### PROBLEM
Output all entries exactly as they appear and skip the pictures.

Records contained in a dataset
================================
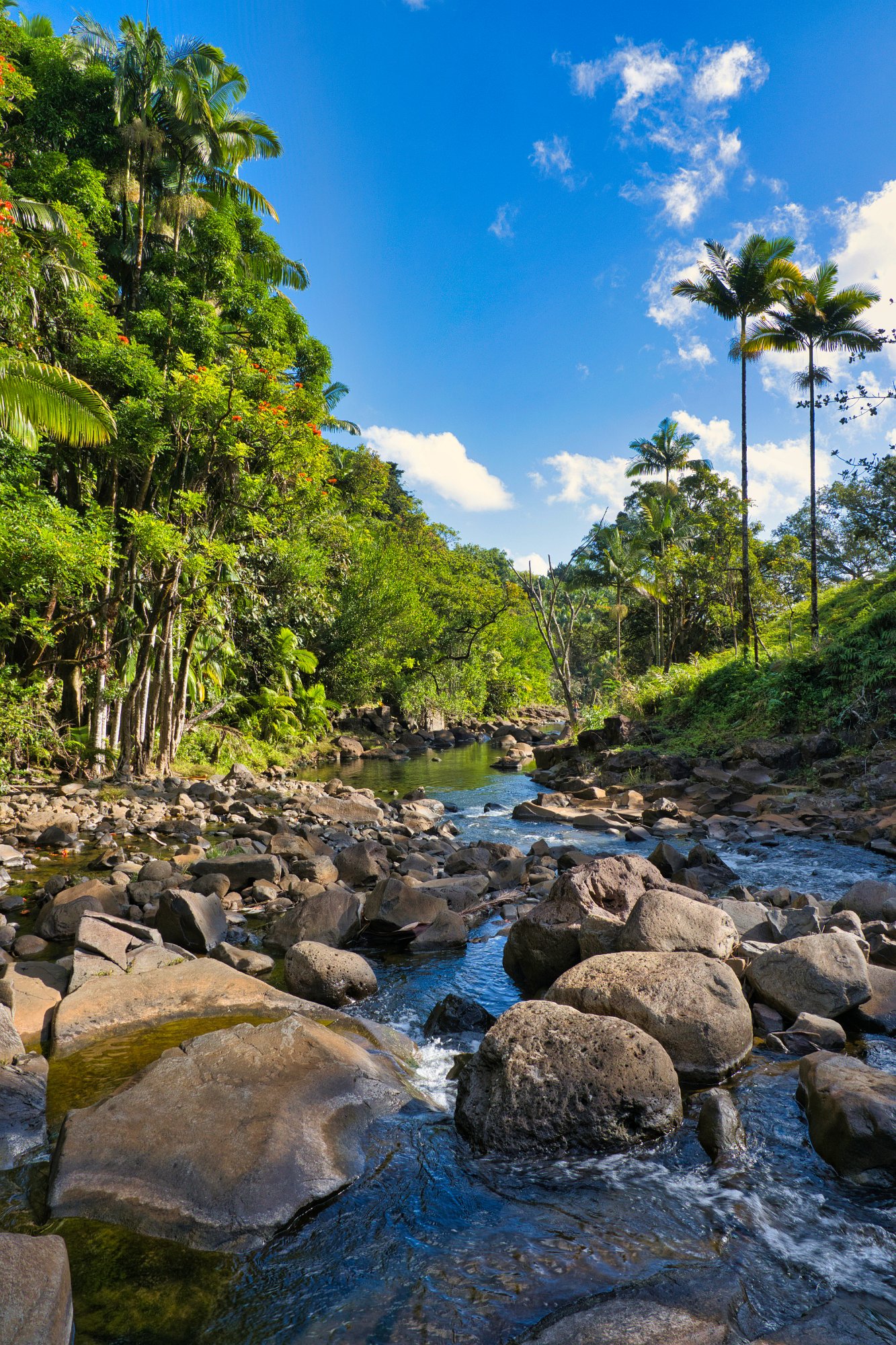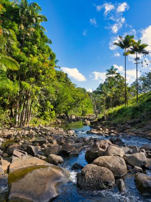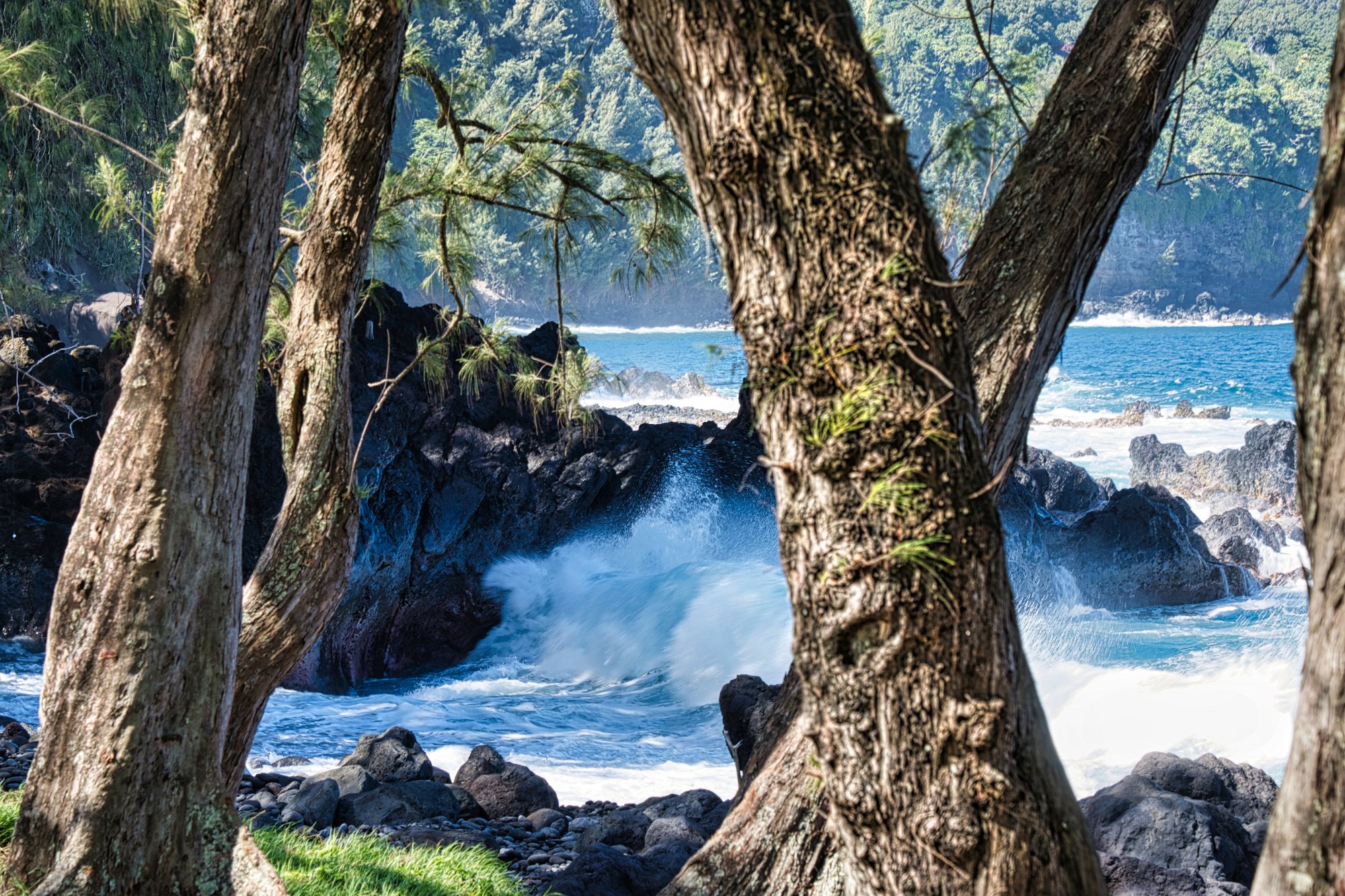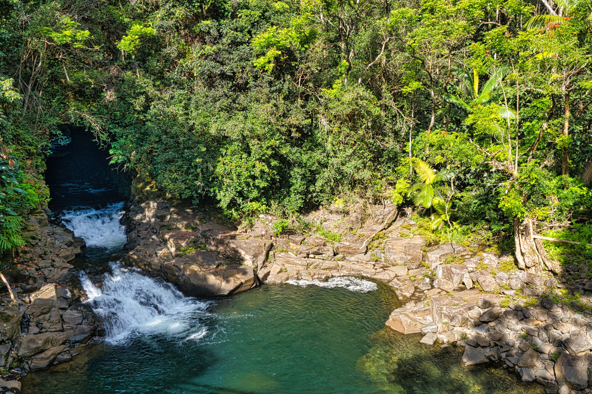 Nach einigen Kilometern / Meilen, ging es ab von der Hauptstraße auf die „Scenic Route“. Sie führte durch exotisches Grün, entlang von Buchten und über Brücken, von denen man auf die Bäche / Flüsse schauen konnten, die von den Bergen in das Meer mündeten. Einer solcher Brücke hielten wir an und gingen auf einem kleinen, steilen Pfad hinunter zum Fluss, der mit zwei kleinen Wasserfällen aus einem Lavatunnel austrat und in einem Pool mündete. Total romantisch eingerahmt von vielen riesigen Palmen und Zimmerpflanzen, eben nur in groß.
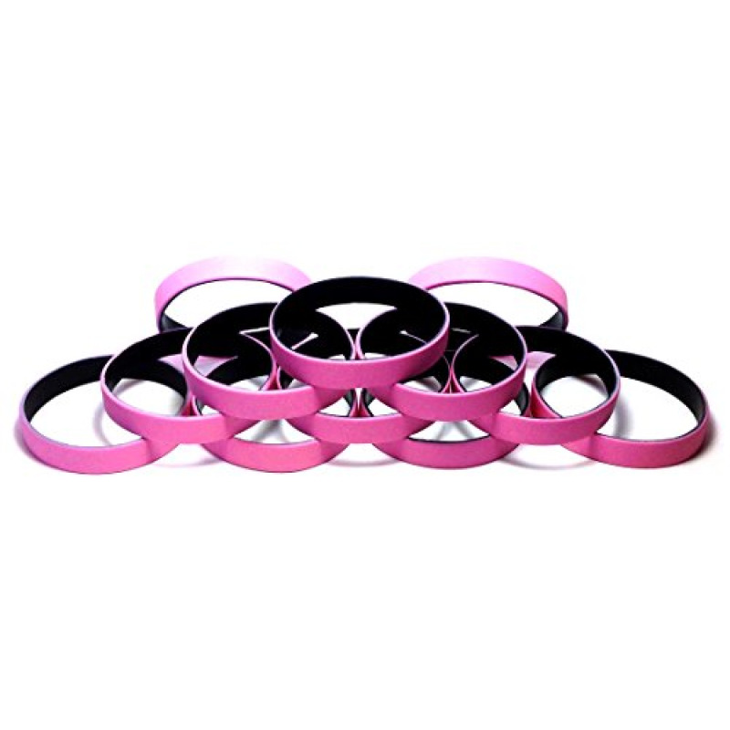 1 Dozen Multi-Pack Pink ColorSpray on Black Wristbands Bracelets Silicone Rubber - Select from a Variety of Colors (Pink on Black, Adult (8" 202mm))
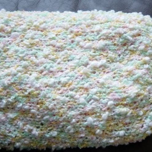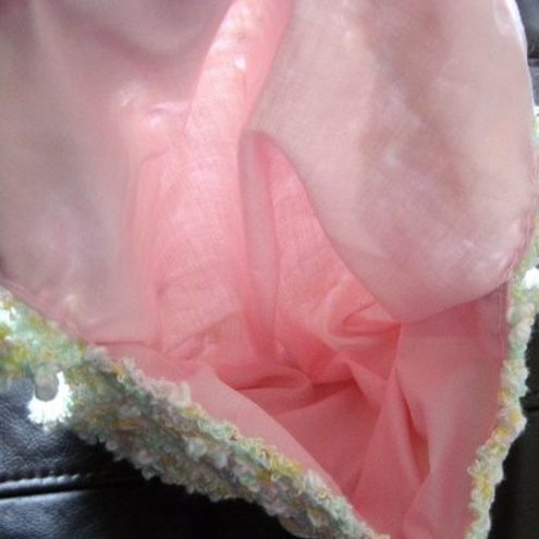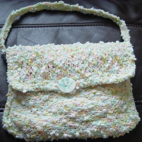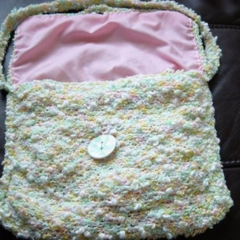 The yarn for this handbag is a multi-coloured bumpy pastel yarn, incorporating, pink, yellow, green and cream and is a mix of 56% cotton, 31% Acrylic and 13% polyester. The lining is 100% cotton.
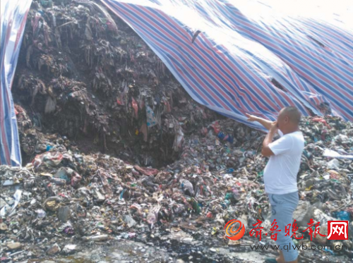 記者看到,山儼然成為一座垃圾山,山上有一片空地,垃圾高高堆起,長數百米,七八米高。成堆的垃圾被一塊塊塑料布遮蓋起來。走近垃圾堆記者看到,全是生活垃圾,混雜著廢棄塑料袋、爛衣服、磚石碎塊等。
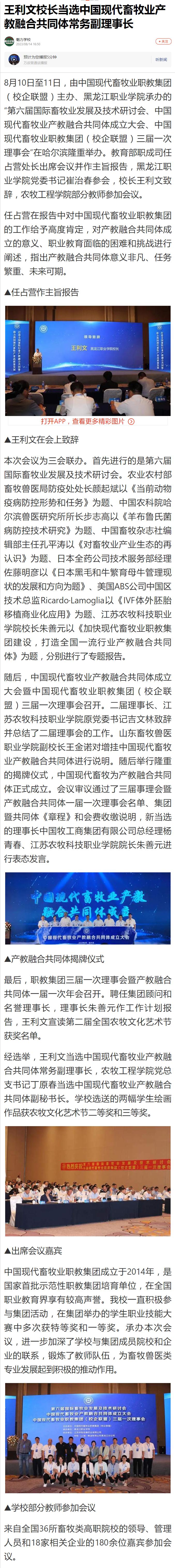 【搜狐】王利文校长当选中国现代畜牧业产教融合共同体常务副理事长
================================
### ANSWER TO THE PROBLEM
 Nach einigen Kilometern / Meilen, ging es ab von der Hauptstraße auf die „Scenic Route“. Sie führte durch exotisches Grün, entlang von Buchten und über Brücken, von denen man auf die Bäche / Flüsse schauen konnten, die von den Bergen in das Meer mündeten. Einer solcher Brücke hielten wir an und gingen auf einem kleinen, steilen Pfad hinunter zum Fluss, der mit zwei kleinen Wasserfällen aus einem Lavatunnel austrat und in einem Pool mündete. Total romantisch eingerahmt von vielen riesigen Palmen und Zimmerpflanzen, eben nur in groß.
 1 Dozen Multi-Pack Pink ColorSpray on Black Wristbands Bracelets Silicone Rubber - Select from a Variety of Colors (Pink on Black, Adult (8" 202mm))
 The yarn for this handbag is a multi-coloured bumpy pastel yarn, incorporating, pink, yellow, green and cream and is a mix of 56% cotton, 31% Acrylic and 13% polyester. The lining is 100% cotton.
 記者看到,山儼然成為一座垃圾山,山上有一片空地,垃圾高高堆起,長數百米,七八米高。成堆的垃圾被一塊塊塑料布遮蓋起來。走近垃圾堆記者看到,全是生活垃圾,混雜著廢棄塑料袋、爛衣服、磚石碎塊等。
 【搜狐】王利文校长当选中国现代畜牧业产教融合共同体常务副理事长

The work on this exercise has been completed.